§ **Aim of the task**:
Transcribe the listing verbatim. Do not carry over any pictures.

§ **Data segment**:
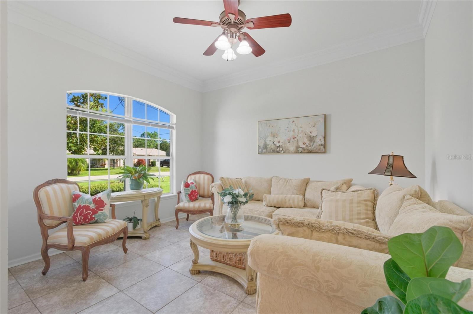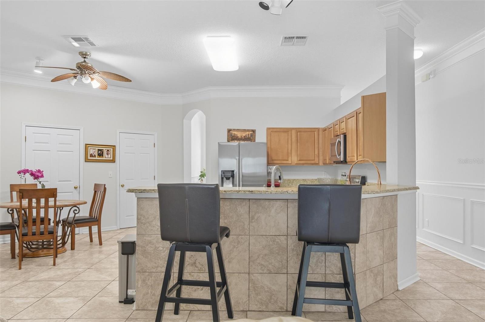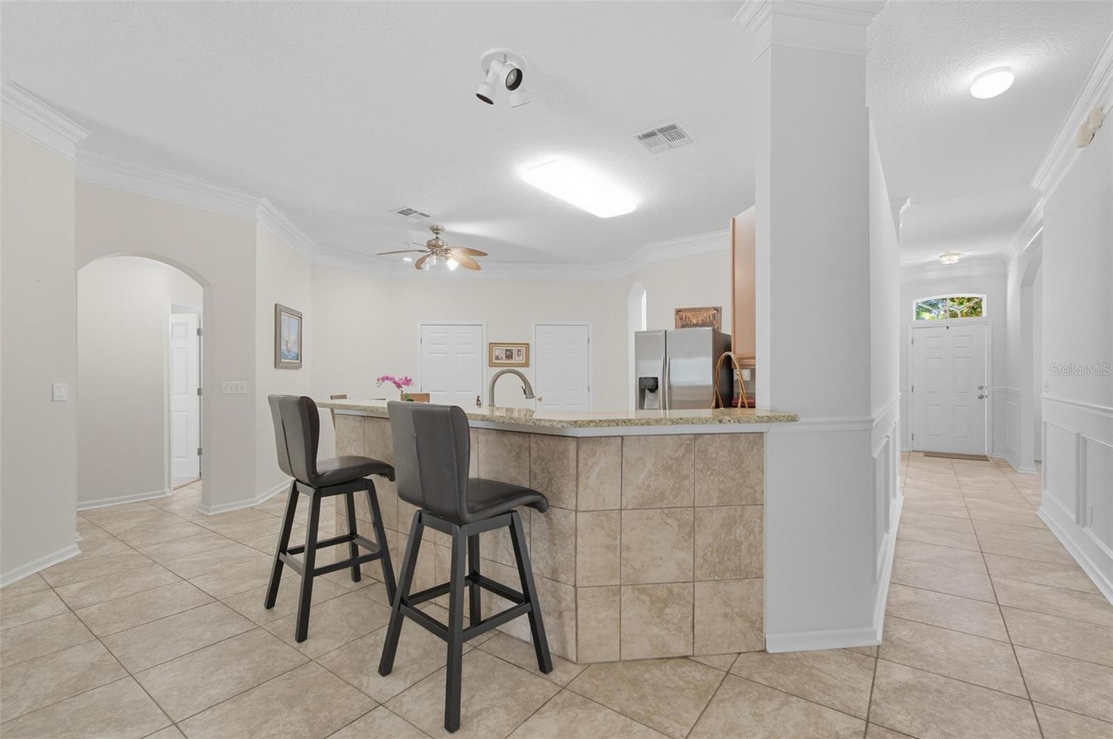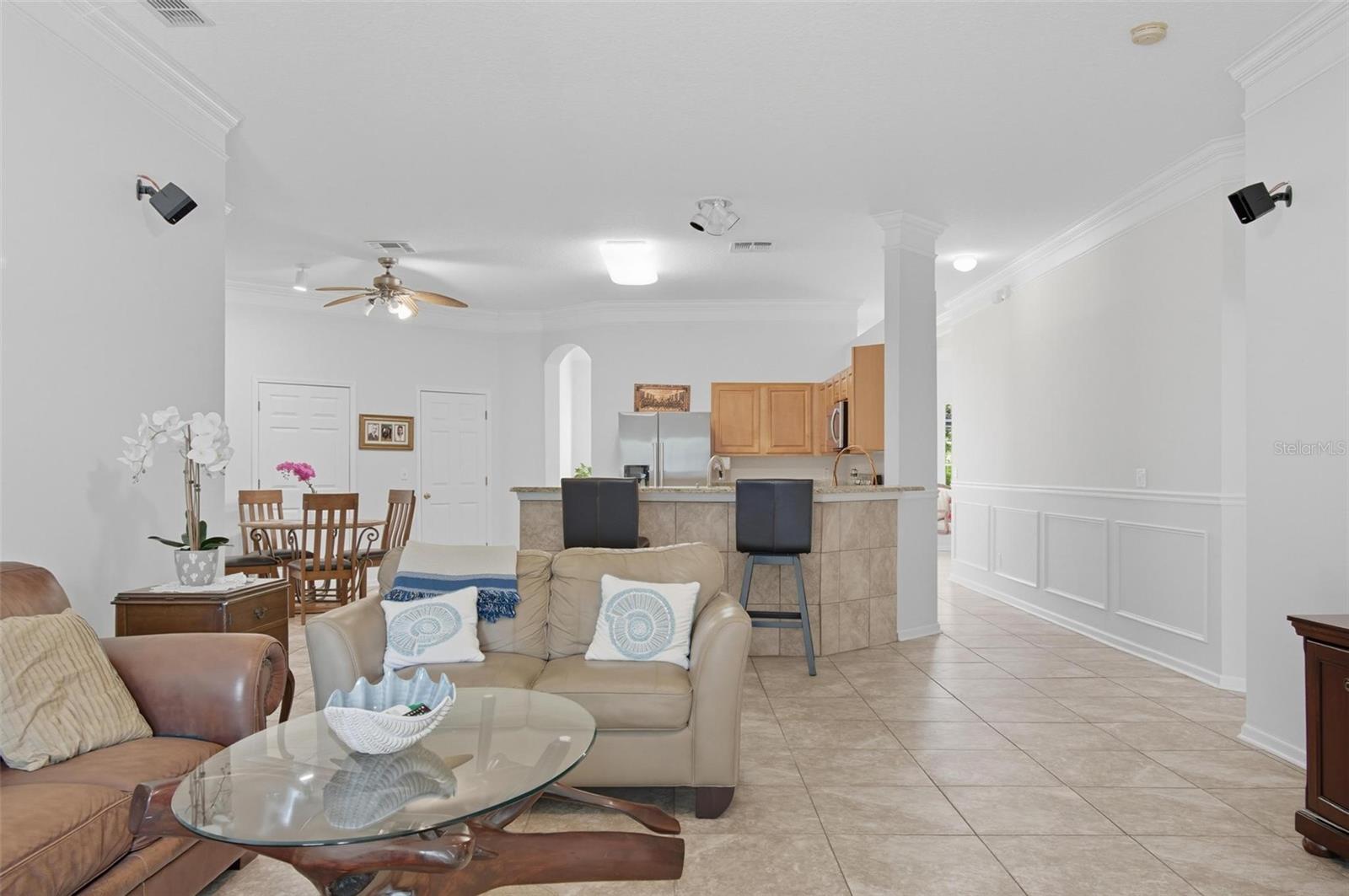 If you are dreaming of the Florida lifestyle near shopping, beaches, parks and golf courses, this home checks all the boxes! This spacious 4 bedroom home ideal for families or guests with outdoor screened-in pool and island seating and ample storage space. Your outdoor oasis is ideal for lounging or entertaining with landscaped backyard. Whole house is tiled except for bedrooms, Kitchen and Bathrooms granite countertops. Ample space in kitchen for eat in. Separate formal dining room and living room. Great room comes with wood-burning fireplace and built-in surround sound with french doors leading to pool area. Installed alarm system, gutters, irrigation system (well) fans in all rooms, window treatments and ample storage shed in backyard.
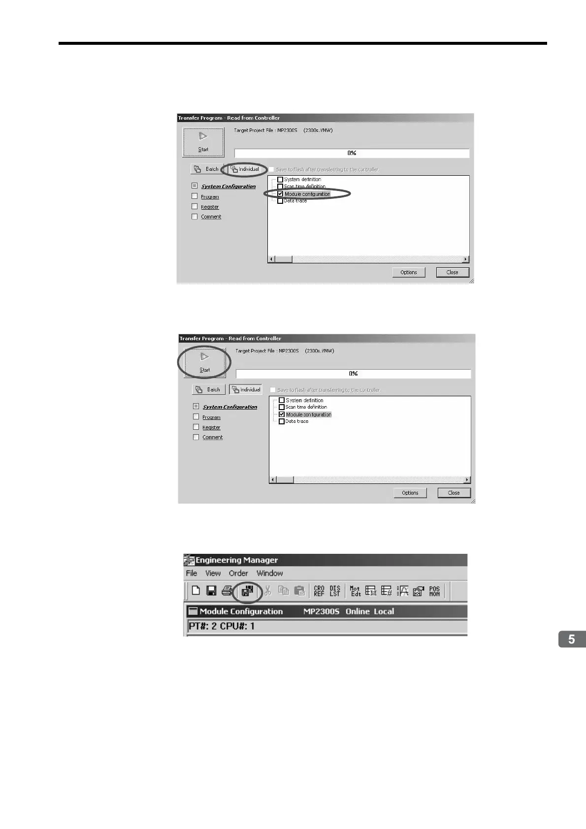 8. Click Start to read the module configuration definition from a controller.
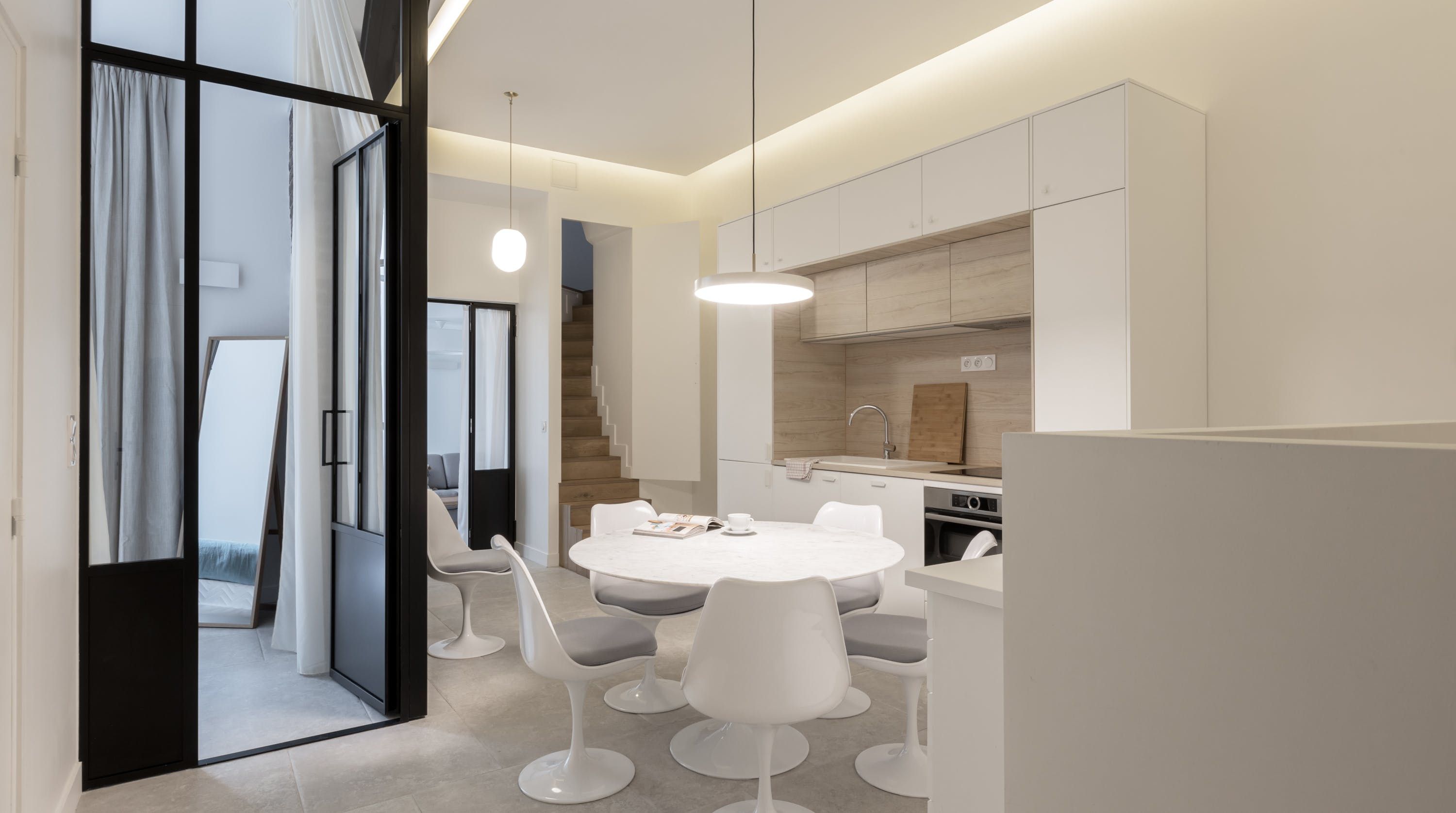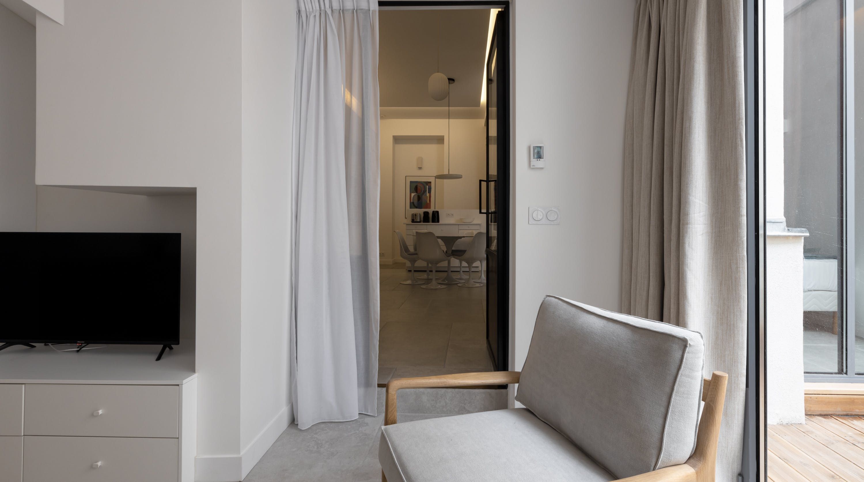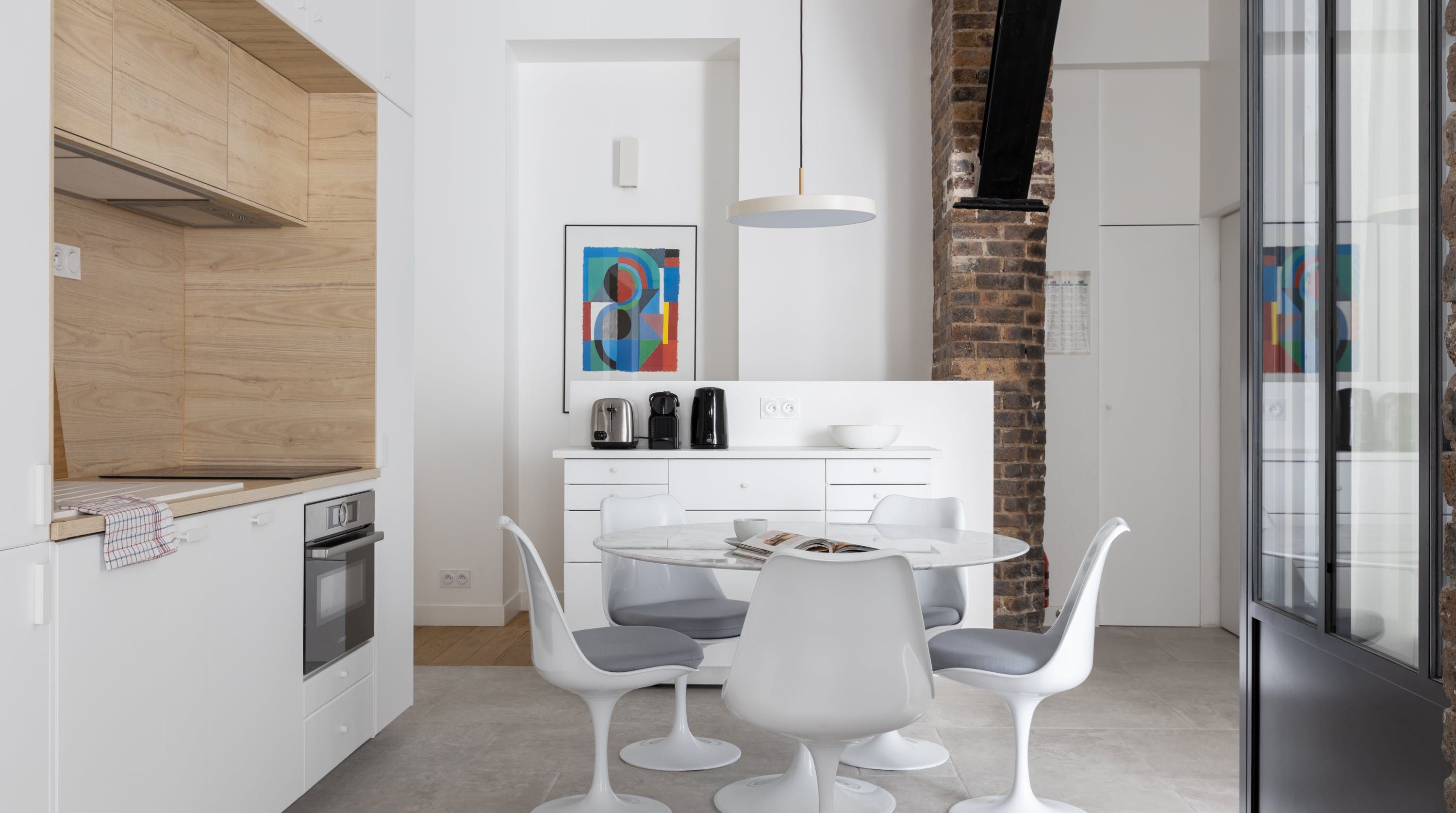 On a typically Parisian street in the Bastille neighbourhood, this apartment radiates ultra-modern cool. On your street, you’ve got classic French bistros with seating spilling out onto the pavement under awnings and chi chi little gallery shops. A two-minute stroll away are the café-lined banks of the Canal Saint-Martin and the Place de Bastille where myriad metro stations can whisk you to Notre Dame and The Louvre in less than ten minutes.

§ **Solved problem**:
 If you are dreaming of the Florida lifestyle near shopping, beaches, parks and golf courses, this home checks all the boxes! This spacious 4 bedroom home ideal for families or guests with outdoor screened-in pool and island seating and ample storage space. Your outdoor oasis is ideal for lounging or entertaining with landscaped backyard. Whole house is tiled except for bedrooms, Kitchen and Bathrooms granite countertops. Ample space in kitchen for eat in. Separate formal dining room and living room. Great room comes with wood-burning fireplace and built-in surround sound with french doors leading to pool area. Installed alarm system, gutters, irrigation system (well) fans in all rooms, window treatments and ample storage shed in backyard.
 8. Click Start to read the module configuration definition from a controller.
 On a typically Parisian street in the Bastille neighbourhood, this apartment radiates ultra-modern cool. On your street, you’ve got classic French bistros with seating spilling out onto the pavement under awnings and chi chi little gallery shops. A two-minute stroll away are the café-lined banks of the Canal Saint-Martin and the Place de Bastille where myriad metro stations can whisk you to Notre Dame and The Louvre in less than ten minutes.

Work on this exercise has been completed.